» **INFORMATION PROVIDED**:
****************

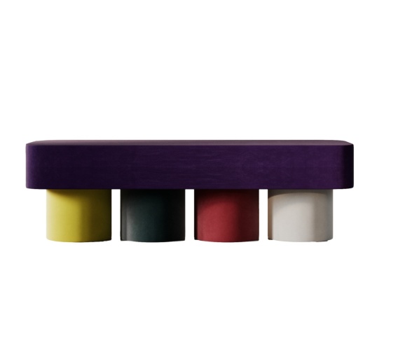 Ławka – siedzisko z kolekcji „Le Corbusier Colors 2024” to nowoczesny mebel użytkowy o wyrazistej, rzeźbiarskiej formie, zaprojektowany przez Katarzynę Jasyk. Projekt łączy miękkie, tapicerowane siedzisko z dynamiczną kompozycją kolorowych cylindrycznych nóg, tworząc obiekt na pograniczu designu i sztuki użytkowej.
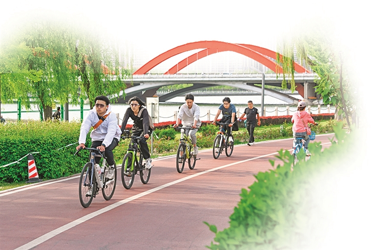 上午10时许,记者从滨河西路一处入口骑行进入自行车道,彩色陶瓷颗粒铺设的路面平整美观,骑行者往来穿梭、惬意悠然。车道一侧,汾河碧波荡漾,绿植郁郁葱葱,水光与绿意相映成趣;另一侧,高楼林立、城景交融,自然生态与都市繁华完美衔接,移步易景的体验令人心旷神怡。
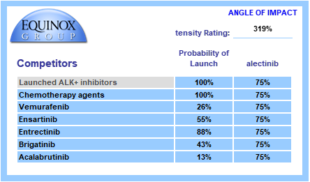 Given a Clinical Innovation score of 23.2% and a competitive intensity rating of 319%, Equinox Group’s regression-validated algorithm projects a peak-year patient share of 60% for alectinib in 1L ALK+ NSCLC.

****************

» **TASK DESCRIPTION**:
Word for word, restate the lines above from the first through the one that contains "上午10时许,记者从滨河西路", and exclude all pictures.

» **ANSWER TO THIS EXERCISE**:
 Ławka – siedzisko z kolekcji „Le Corbusier Colors 2024” to nowoczesny mebel użytkowy o wyrazistej, rzeźbiarskiej formie, zaprojektowany przez Katarzynę Jasyk. Projekt łączy miękkie, tapicerowane siedzisko z dynamiczną kompozycją kolorowych cylindrycznych nóg, tworząc obiekt na pograniczu designu i sztuki użytkowej.
 上午10时许,记者从滨河西路一处入口骑行进入自行车道,彩色陶瓷颗粒铺设的路面平整美观,骑行者往来穿梭、惬意悠然。车道一侧,汾河碧波荡漾,绿植郁郁葱葱,水光与绿意相映成趣;另一侧,高楼林立、城景交融,自然生态与都市繁华完美衔接,移步易景的体验令人心旷神怡。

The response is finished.